One of the things I hate the most is when people write letters to things that can’t read. For example: “DEAR SEMESTER, PLS BE OVER SOON? I’M SUPER STRESSED. KTHANKS. LOVE, LPW LOLLOL” See what I mean? Firstly, semester doesn’t have a facebook so there’s no reason to address it (him? her?) in your status update. Secondly, semester isn’t a person. It doesn’t have a brain or a body…it’s not even…something you can talk to. It’s totally useless to write it a letter. A better way to suggest that the semester be over sooner is to update your facebook status with the following: “I wish the semester were over sooner! I’m super stressed!” Although that would probably get on my nerves too. Anyway, none of this is the point. While I hate hate hate this, I’m about to do it..

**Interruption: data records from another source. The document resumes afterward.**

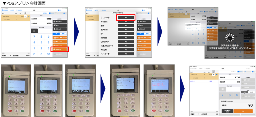 4:支払種別と会計金額が自動で連携され、決済端末で確認し入力を進める
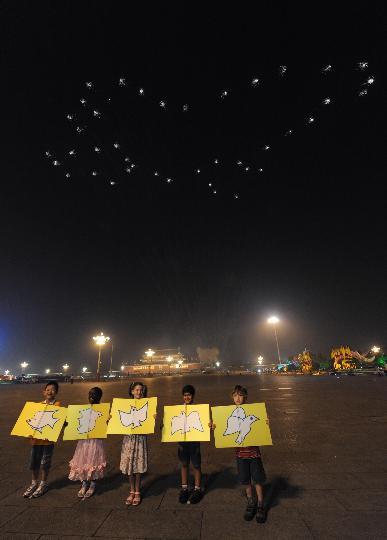 9月6日,來(lái)自中國(guó)、喀麥隆、以色列、巴基斯坦和愛(ài)爾蘭(從左到右)的小朋友舉起和平鴿圖片與天安門上空的和平鴿造型焰火遙相呼應(yīng)。當(dāng)日,北京2008年殘奧會(huì)開(kāi)幕式在國(guó)家體育場(chǎng)隆重舉行。新華社記者 王小川 攝
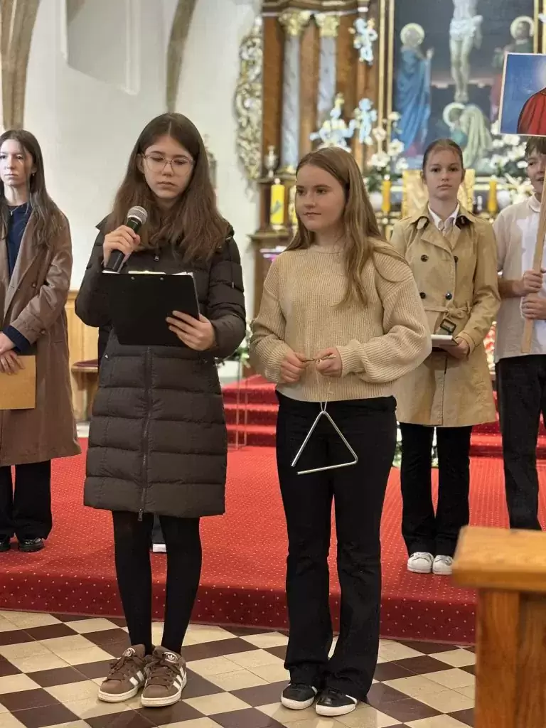 Występ przygotowali uczniowie Szkoły Podstawowej w Kostomłotach, wspierani muzycznie przez scholę parafialną prowadzoną przez Martynę Sawicką, a także wokalnie przez Milenę Kliks i Amelię Pietrzak.
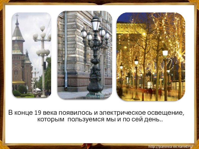 Слайд 28В конце 19 века появилось и электрическое освещение, которым пользуемся мы
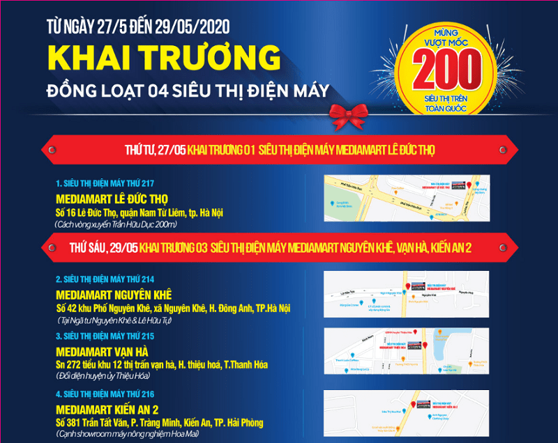Sáng thứ 4 ngày 27/05 và sáng thứ 6 ngày 29/05, MediaMart sẽ đồng loạt khai trương thêm 4 siêu thị điện máy mới tại Hà Nội, Hải Phòng và Thanh Hóa, nâng tổng số thành viên trên toàn hệ thống lên 217 siêu thị. Nhân dịp này, quý khách hàng tại các điểm khai trương có cơ hội đến với chuỗi Ngày vàng khuyến mại kéo dài từ ngày 27/5 - 5/6/2020.
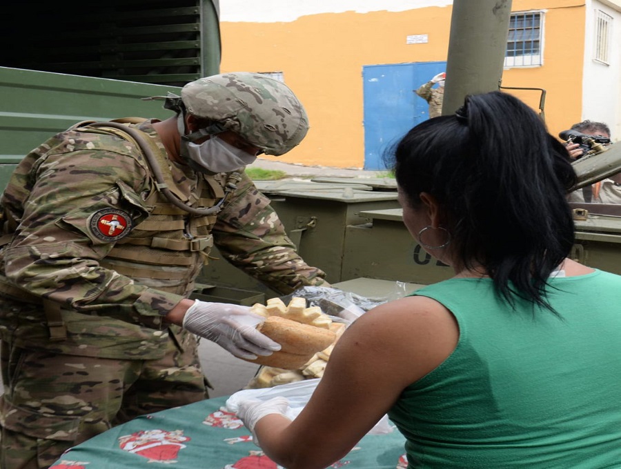 En coordinación con el Municipio, a cargo de Fernando Espinoza, hombres y mujeres del Ejército Argentino comenzaron a llevar adelante la preparación, instalación, distribución y apoyo logístico de siete puntos sensibles para la entrega de veinticuatro mil raciones de comida.
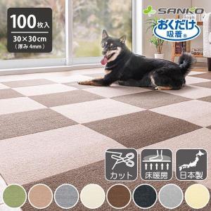 送料別¥24,926楽天市場タイルカーペット 30×30cm/厚み4mm ジョイントマット マット ラグ 洗える 撥水 置くだけ 吸着 ズレない 床暖房対応 子供 ペット フローリング 犬 イヌ ワンちゃん 猫 ネコ ネコちゃん 滑らない 負担軽減 同色100枚入 サンコー
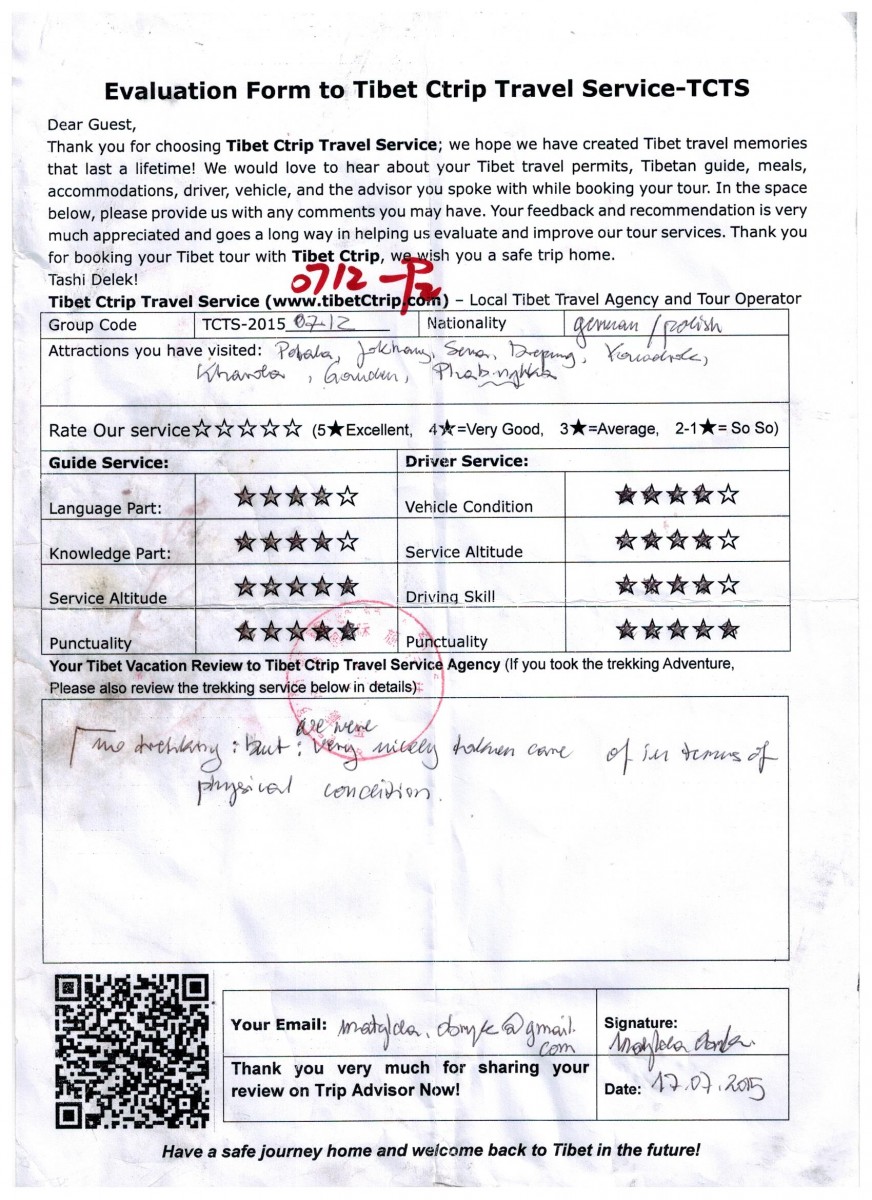 Travelers Name: ERNST PETER AMAT KREFT and MATYLDA FRANCISZKA OBRYK (read the Tibet Ctrip travel agency review 2015)
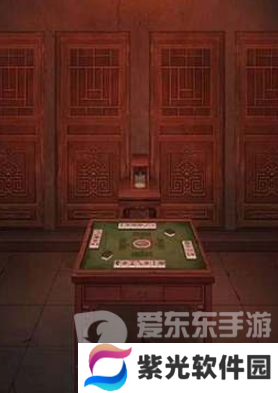 8、点击4个门中间的桌子得到符号提示,观察左右柜子上的两个竹笼,将麻将桌上的四张一筒打出,再摇动筛子,显示为3,进入3号门。
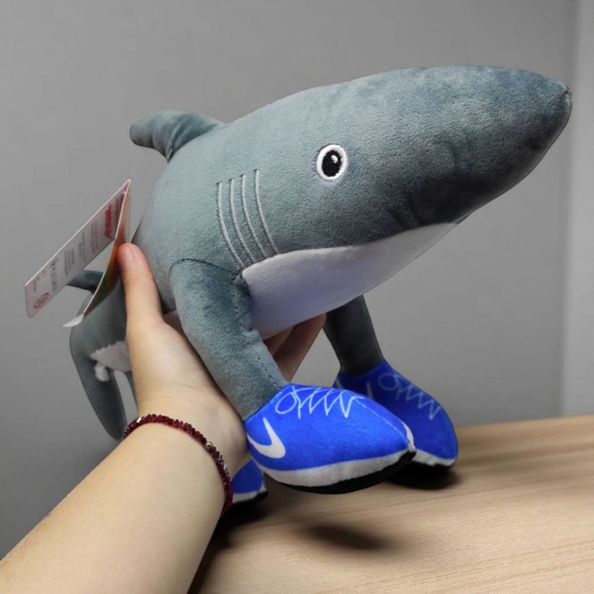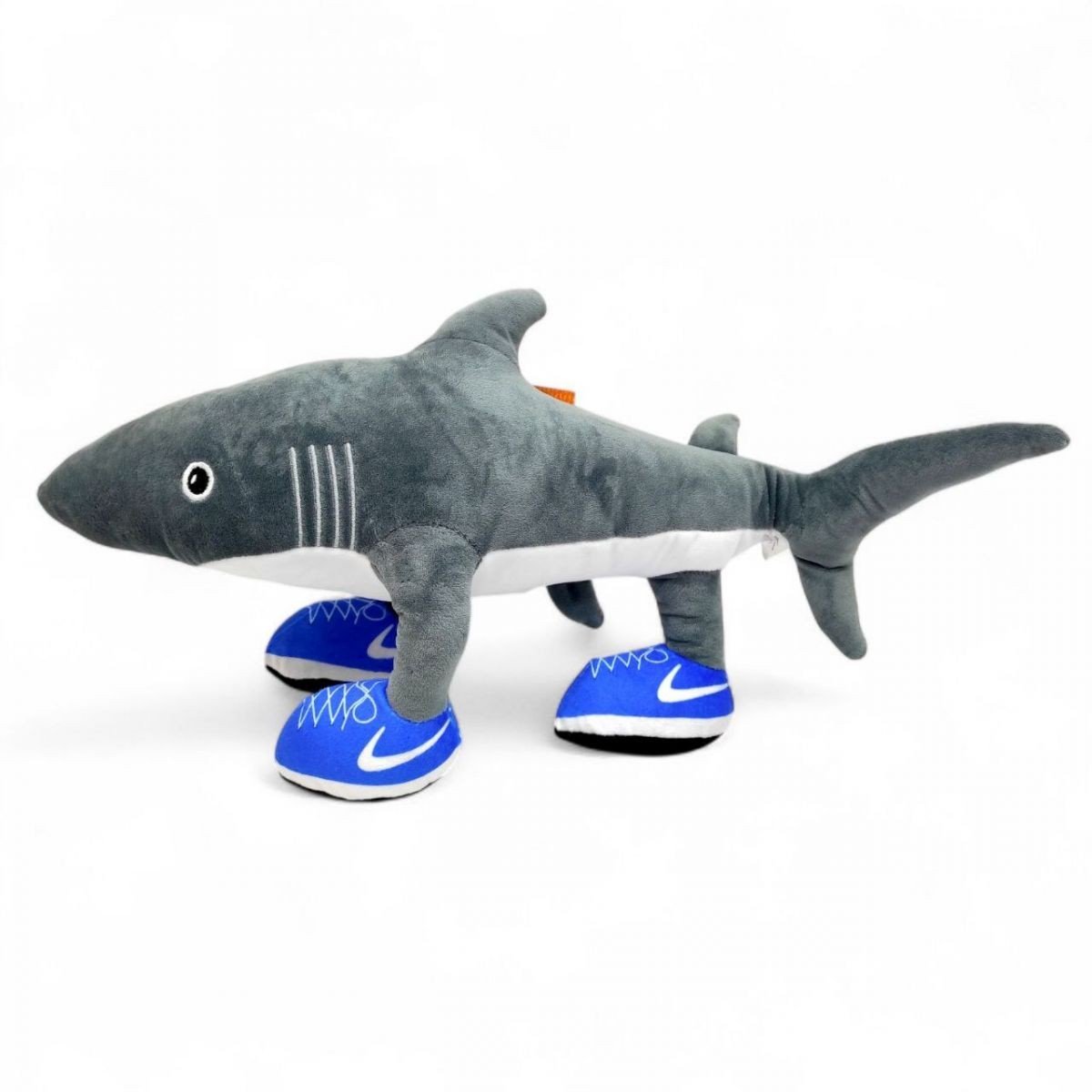 Тралалеро-тралала - акула в кросівках найк, персонаж популярного мему "Італійський брейнрот", створеного за допомогою штучного інтелекту. Абсурдний абсурд - це про них: від історії персонажів до їхнього зовнішнього вигляду, що й робить їх такими популярними. М’яка іграшка створена з комбінованих матеріалів.
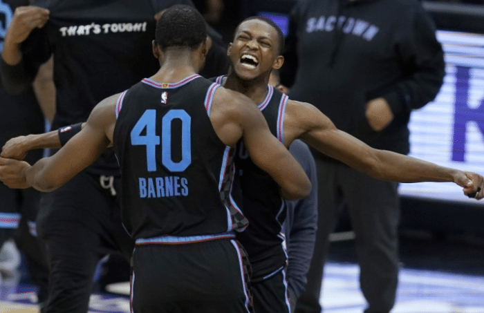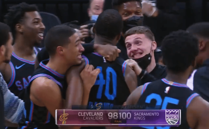 24直播网讯北京时间3月28日,NBA赛场诞生了一场极为神奇的比赛。在国王和骑士的对决中,双方在最后时刻紧咬比分,结果出现了准绝杀,反绝杀,再到压哨绝杀的神剧情!巴恩斯在最后1.6秒接到后场的长传,转身命中三分球,复制了当年詹姆斯的绝杀时刻!而国王全队获胜后也疯狂涌向巴恩斯庆祝,骑士球员则一脸蒙圈,不敢相信发生的一切。
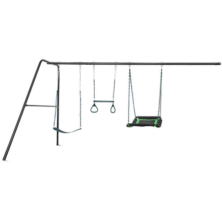 Transform your backyard or upgrade your current setup with this standalone metal swing set, a durable and versatile addition to any Aussie family home. Designed for easy integration, this durable frame can be added to existing structures or cubby houses and is compatible with the Pallas Play Tower. Add various swing stations such as belt swing, trapeze or nest swing to create your own custom setup. Tested to Australian Safety Standards, the galvanised steel frame is rust free and weather resistant. On top of that, the frame is reinforced to create a more rigid and stable swing set, allowing your family to enjoy your new play centre with peace of mind.
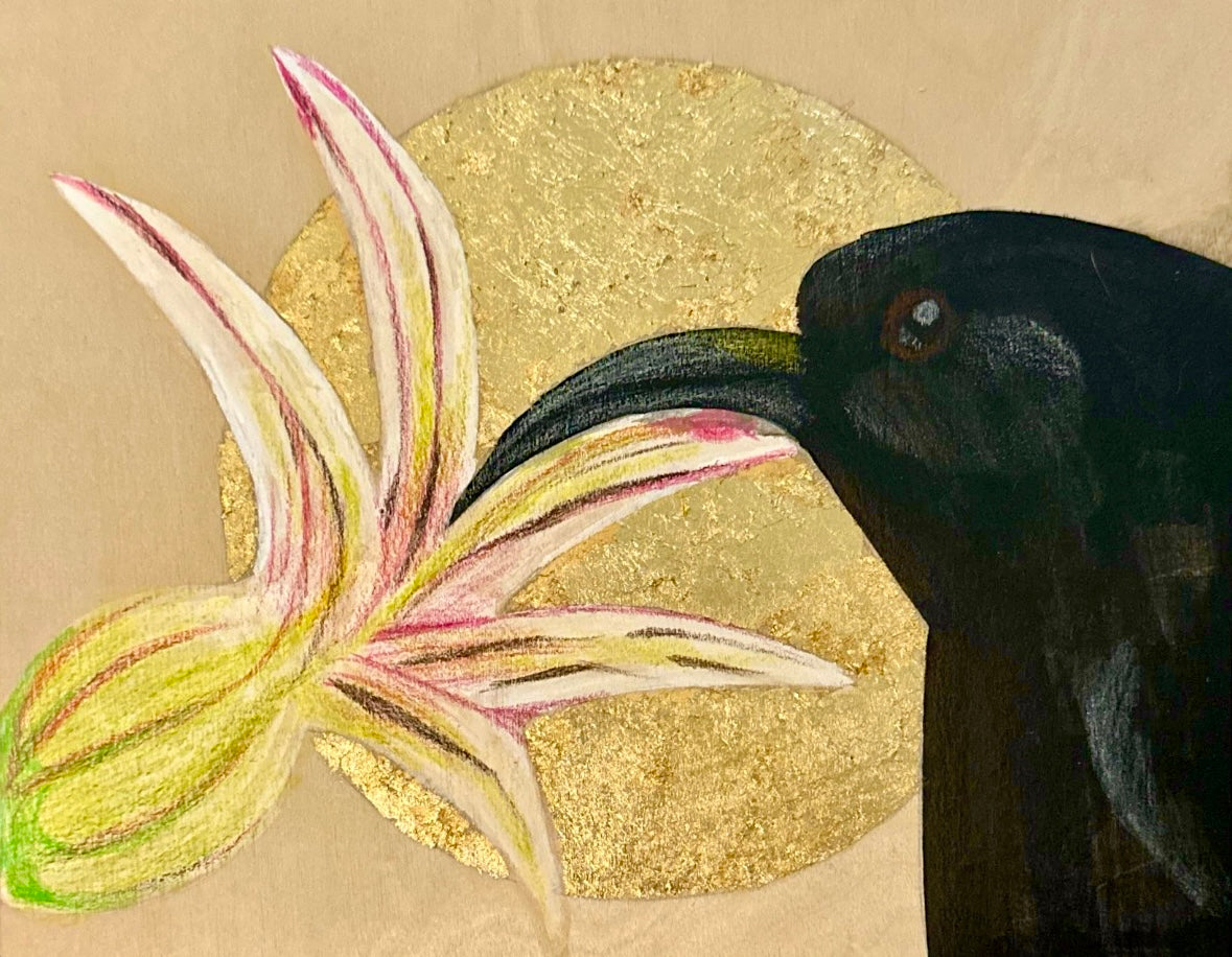Acrylic paints and ink on wood with goldleaf
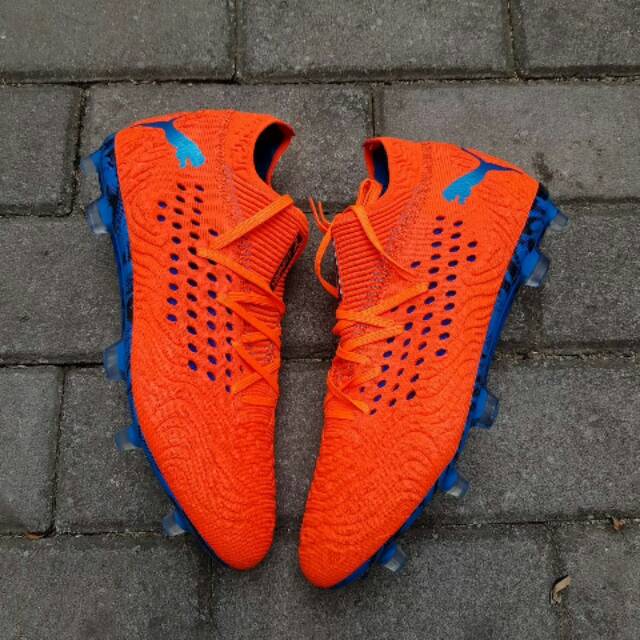Sepatu Bola Puma Future 19.1 Netfit Orange Blast Blue FG | Shopee Indonesia
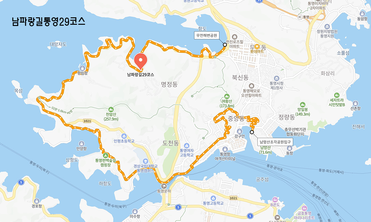 남파랑길 29코스 통영 남망산조각공원 → 무전동 해변공원
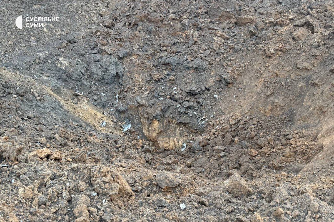 На опублікованих кадрах видно величезну вирву від російської ракети, а також вибиті вікна у будинках.
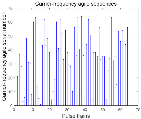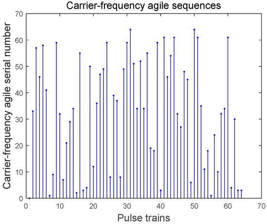 The detection performance of the three-dimensional index-modulated probe-through integration waveform for single-target distance and velocity information is verified. Under a signal-to-noise ratio of 10 dB, the number of PRI shortcuts is 128 and the PRI shortcut interval is . The PRI shortcut sequence is shown in Figure 13; the number of carrier frequency shortcuts is 64 and the carrier frequency shortcut interval is 20 MHz. The carrier frequency shortcut sequence is shown in Figure 14. The number of waveforms selected from the waveform set is 64. The perception matrix in the OMP algorithm is constructed with the coupling terms of the initial distance and carrier frequency change term, the target velocity and random PRI, and random carrier frequency coupling terms. Assuming that there is a single target in the radar scene, the number of iterations of the OMP algorithm is 1. The distance of the target is assumed to be 3080 , and the speed is 100 m/s. The simulation results are shown in Figure 15, where the horizontal coordinates denote the distance and the vertical coordinates denote the speed. Figure 15 shows that the distance of the target is 3080 , and the speed is 100 m/s. The results show that the probe-through-integrated waveform with multidimensional index modulation is able to detect information about a single target.
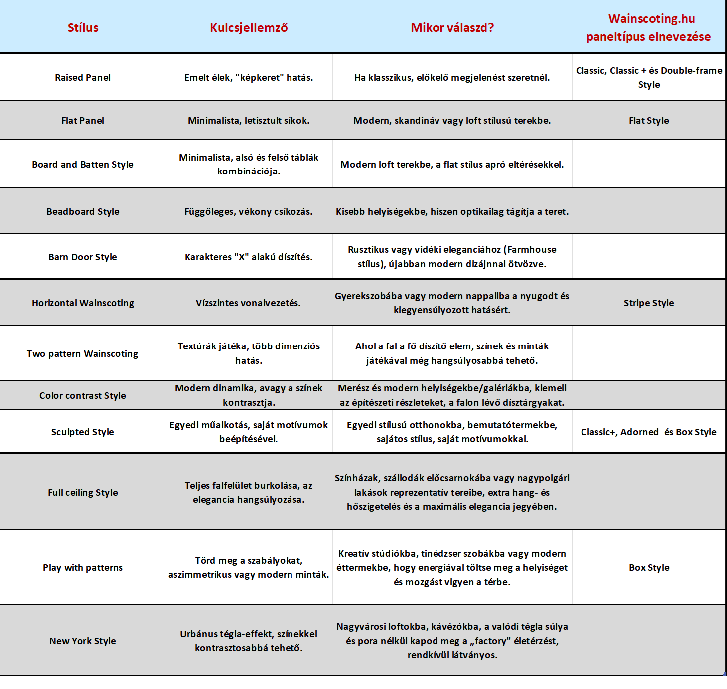 A falipanelek típusai
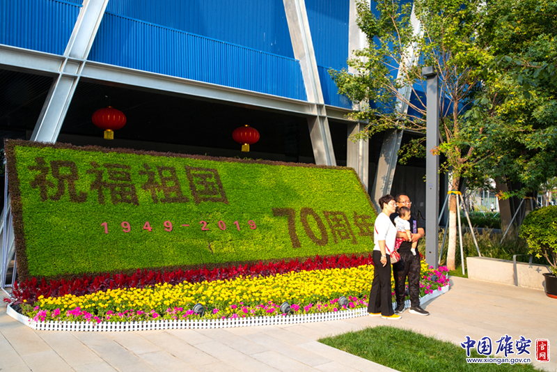 记者进入园区后发现,园区内多处点位布置了庆祝新中国成立70周年的彩旗及景观设计,营造出了浓厚的节日氛围。来自邢台的游客沈彬说:“国庆节来雄安新区参观非常有意义,园区内这些庆祝祖国生日的景观设计看上去特别漂亮。”

Here’s to the man at Old Navy yesterday:
You probably thought I wasn’t going to notice the fact that you trashed the entire men’s section. I did. As I went back through it to clean up, I noticed every single XXL large shirt pulled out of it’s stack, unfolded, and then thrown back into the wall with little care. I know it was you. I know it was you because I heard you complain about how “Old Navy 2X clothing ain’t even big enough for me. Baby, we’re too fat for this store!” Yeah, I heard you call your wife fat. It wasn’t very nice. Also, can I just remind you that if one XXL t-shirt at Old Navy doesn’t fit you, it’s likely that none of them will. I’d like to use this letter to remind you that, yes, I work here and you’re the customer and I’m supposed to clean up after you, but be kind and don’t just throw anything anywhere. Put things back where they belong. Make an attempt to fold something that you unfolded! It only takes a second, and it makes me hate you less.
P.S. Thanks for signing up for an Old Navy Card though. Now I have five for the month of February!